Mis queridos amigos, me gustaría explicar la forma en que practico cuando estoy enfadado.

Durante la guerra de Vietnam, hubo mucha injusticia, y muchos miles, incluso amigos míos, muchos discípulos míos, fueron asesinados. Tuve mucha ira. En cierta ocasión supe que la ciudad de Ben Tre fue bombardeada por la aviación americana. Y la ciudad fue destruida. El militar que era responsable de esto declaró más tarde que tuvo que destruir la ciudad de Ben Tre para salvarla. Yo estaba muy enfadado. Pero en esta ocasión, yo era ya un practicante, un sólido practicante. No hice nada, porque sabía que hacer o decir algo mientras estás colérico es erróneo. Puede crear mucha destrucción. Regresé a mí mismo, reconociendo mi ira, abrazándola y mirando profundamente en la naturaleza de mi sufrimiento.

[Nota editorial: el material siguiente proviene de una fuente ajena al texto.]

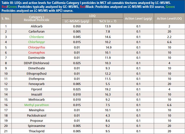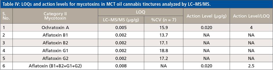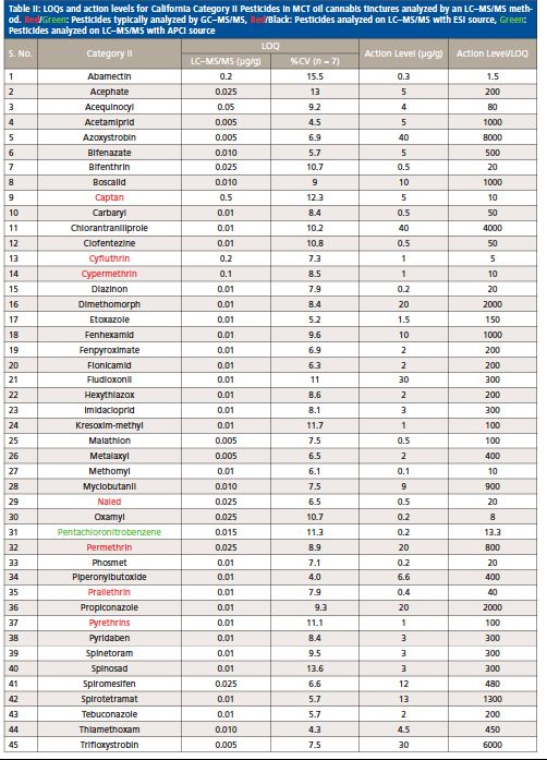 With this LC–MS/MS method, 62 out of 66 pesticides and 5 mycotoxins were analyzed using the ESI source, and the remaining 4 pesticides regulated by the State of California were measured with the APCI source. According to the California Bureau of Cannabis Control’s text of regulations, the 66 pesticides are divided into categories I and II. Category I pesticides are banned for use on cannabis, due to the risks they present to human health and the environment, whereas category II pesticides are eligible for use on cannabis plants. This categorization reflects the varying action limits and corresponding limit of quantitation (LOQ) requirements for these pesticides and five mycotoxins in different cannabis-related products (4). The LOQs and response reproducibility at LOQ level for each of the pesticides categorized and mycotoxins in MCT oil cannabis tinctures are summarized in Table II, III and IV. The LOQs were determined by ensuring that the signal-to-noise ratio for each analyte was greater than 10. The response relative standard deviation (RSD) for each pesticide and mycotoxin at its LOQ level in the cannabis matrix was less than 20% for seven replicates. As demonstrated in Tables II–IV, the LOQs determined in this study are well below the California action limits (by a factor of 1.5 to 8000) for all of the analyzed pesticides and mycotoxins. This shows that the method is sufficiently sensitive and reproducible for pesticide and mycotoxin analysis in MCT oil cannabis tinctures at the regulatory limits specified by the State of California. In addition, the matrix-matched calibration curves showed excellent linearity for all of the analytes in the tinctures with coefficients of determination (R2) greater than 0.99.

En la tradición budista, tenemos la práctica de respirar conscientes, de caminar conscientes, para generar la energía de la plena conciencia. Y es precisamente con esa energía de la plena conciencia que podemos reconocer, abrazar y transformar nuestra ira. La plena conciencia es la clase de energía que nos ayuda a ser conscientes de cuanto ocurre en nuestro interior y alrededor de nosotros, y cualquiera puede ser consciente. Si bebéis una taza de té y sabéis que estáis bebiendo una taza de té, eso es beber conscientes. Cuando inspiráis y sabéis que estáis inspirando, y focalizáis vuestra atención en vuestra inspiración, eso es la plena conciencia de la respiración. Cuando dais un paso y sois conscientes de que estáis dando un paso, eso se llama caminar en plena conciencia. La práctica básica en los centros de Zen, en los centros de meditación, es la práctica de generar la plena conciencia en cada momento de vuestra vida diaria. Cuando estáis coléricos, sois conscientes de que estáis coléricos. Porque ya tenéis la energía de la plena conciencia en vosotros y eso bastan para reconocer, abrazar, mirar profundamente y comprender la naturaleza de vuestro sufrimiento.

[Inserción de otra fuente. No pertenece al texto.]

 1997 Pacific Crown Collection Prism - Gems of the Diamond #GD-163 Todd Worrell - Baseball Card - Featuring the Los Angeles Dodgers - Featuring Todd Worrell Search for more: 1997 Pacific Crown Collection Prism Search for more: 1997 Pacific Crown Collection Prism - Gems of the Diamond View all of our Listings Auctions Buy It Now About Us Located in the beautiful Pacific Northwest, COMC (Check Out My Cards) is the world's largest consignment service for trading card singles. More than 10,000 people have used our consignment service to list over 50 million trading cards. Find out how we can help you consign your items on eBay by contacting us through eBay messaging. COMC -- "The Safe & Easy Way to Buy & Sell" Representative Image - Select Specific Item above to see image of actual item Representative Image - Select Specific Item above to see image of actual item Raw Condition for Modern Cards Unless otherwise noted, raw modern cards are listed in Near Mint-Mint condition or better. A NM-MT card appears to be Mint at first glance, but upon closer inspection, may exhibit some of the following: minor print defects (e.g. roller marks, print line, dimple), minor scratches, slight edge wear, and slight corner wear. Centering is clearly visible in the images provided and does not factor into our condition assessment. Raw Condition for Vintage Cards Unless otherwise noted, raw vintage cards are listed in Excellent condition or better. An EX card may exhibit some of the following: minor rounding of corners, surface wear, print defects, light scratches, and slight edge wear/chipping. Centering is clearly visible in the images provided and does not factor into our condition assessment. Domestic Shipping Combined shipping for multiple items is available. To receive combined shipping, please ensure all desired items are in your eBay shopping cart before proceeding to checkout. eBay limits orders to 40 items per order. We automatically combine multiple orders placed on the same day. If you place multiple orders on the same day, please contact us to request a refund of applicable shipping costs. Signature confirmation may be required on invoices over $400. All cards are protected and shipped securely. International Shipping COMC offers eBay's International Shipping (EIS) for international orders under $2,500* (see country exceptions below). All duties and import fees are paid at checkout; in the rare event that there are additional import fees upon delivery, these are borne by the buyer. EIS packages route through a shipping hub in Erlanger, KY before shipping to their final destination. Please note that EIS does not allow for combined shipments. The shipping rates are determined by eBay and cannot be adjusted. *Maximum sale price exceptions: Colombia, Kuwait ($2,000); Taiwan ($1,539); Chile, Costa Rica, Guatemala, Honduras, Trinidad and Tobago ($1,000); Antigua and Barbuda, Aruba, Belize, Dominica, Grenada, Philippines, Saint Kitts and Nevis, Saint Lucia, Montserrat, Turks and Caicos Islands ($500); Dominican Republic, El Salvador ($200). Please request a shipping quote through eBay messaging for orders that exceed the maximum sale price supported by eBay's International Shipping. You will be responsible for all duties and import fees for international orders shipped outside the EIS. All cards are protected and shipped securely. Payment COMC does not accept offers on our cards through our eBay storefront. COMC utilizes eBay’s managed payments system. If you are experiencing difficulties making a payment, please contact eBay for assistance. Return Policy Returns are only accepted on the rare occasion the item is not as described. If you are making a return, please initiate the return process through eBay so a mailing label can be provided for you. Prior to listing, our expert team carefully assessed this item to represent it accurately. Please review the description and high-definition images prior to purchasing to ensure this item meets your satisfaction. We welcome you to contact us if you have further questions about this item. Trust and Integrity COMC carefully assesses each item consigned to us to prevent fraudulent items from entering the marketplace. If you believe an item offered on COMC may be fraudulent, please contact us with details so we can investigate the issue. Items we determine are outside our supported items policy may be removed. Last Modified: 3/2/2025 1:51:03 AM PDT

Pude comprender la naturaleza del sufrimiento en Vietnam. Vi que no sólo sufrían los vietnamitas, sino también sufrieron los americanos durante la guerra de Vietnam. Los jóvenes americanos que eran enviados a Vietnam para matar y ser matados padecieron mucho sufrimiento y el sufrimiento continúa hoy. La familia, la nación también sufren. Podía ver que la causa de nuestro sufrimiento en Vietnam no eran los soldados americanos. Es una clase equivocada de política. Es un error. Es el miedo que subyace en los fundamentos de esa política.

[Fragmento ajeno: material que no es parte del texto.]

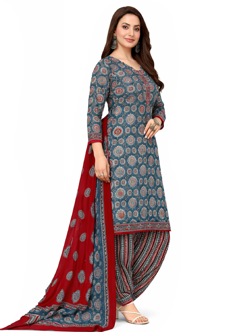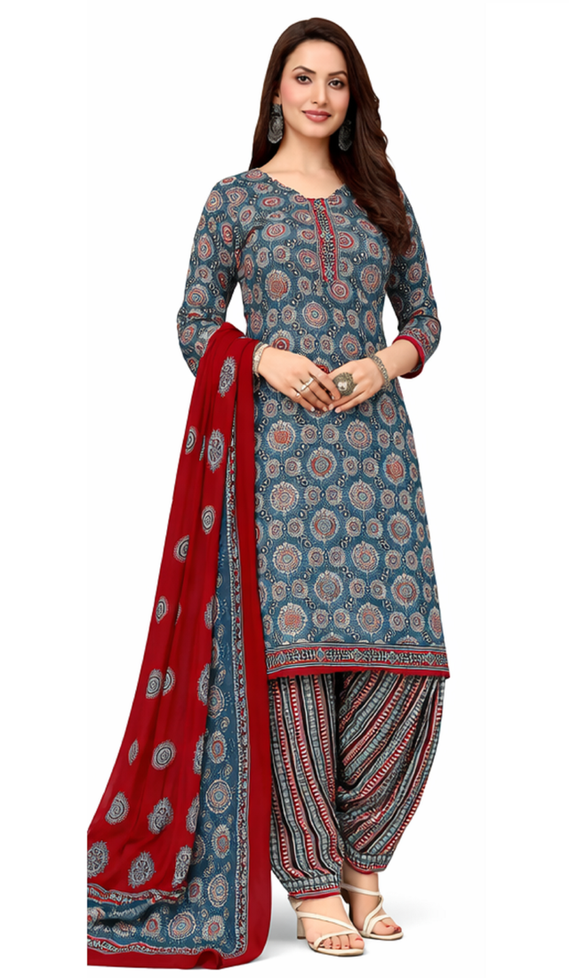 Multicolor color crepe silk printed women unstitched dress material

Muchos en Vietnam se auto inmolaron por el fuego para llamar al cese de la destrucción. No querían infligir dolor en otras gentes, ellos querían tomar el dolor sobre sí mismos para conseguir llevar su mensaje. Pero el sonido de aviones y bombas era demasiado ruidoso. No mucha gente en el mundo era capaz de escucharlo. Entonces decidí ir a América y llamar al cese de la violencia. Esto fue en 1966, y por eso fue que se me impidió volver a casa. Y he vivido en el exilio desde entonces: 1966.

Pude ver que el enemigo real del hombre no es el hombre. El enemigo real es nuestra ignorancia, discriminación miedo, ansiedad y violencia. No he odiado al pueblo americano, a la nación americana. Vine a América a abogar por una mirada profunda que permitiera que vuestro gobierno pudiera revisar esa clase de política. Recuerdo que me encontré con el Secretario de Defensa, Robert McNamara. Le expresé la verdad acerca del sufrimiento. Permaneció conmigo largo tiempo y me escuchó profundamente, y yo estaba muy agradecido por la calidad de su escucha. Tres meses después, cuando se intensificó la guerra, escuché que él dimitió de su cargo.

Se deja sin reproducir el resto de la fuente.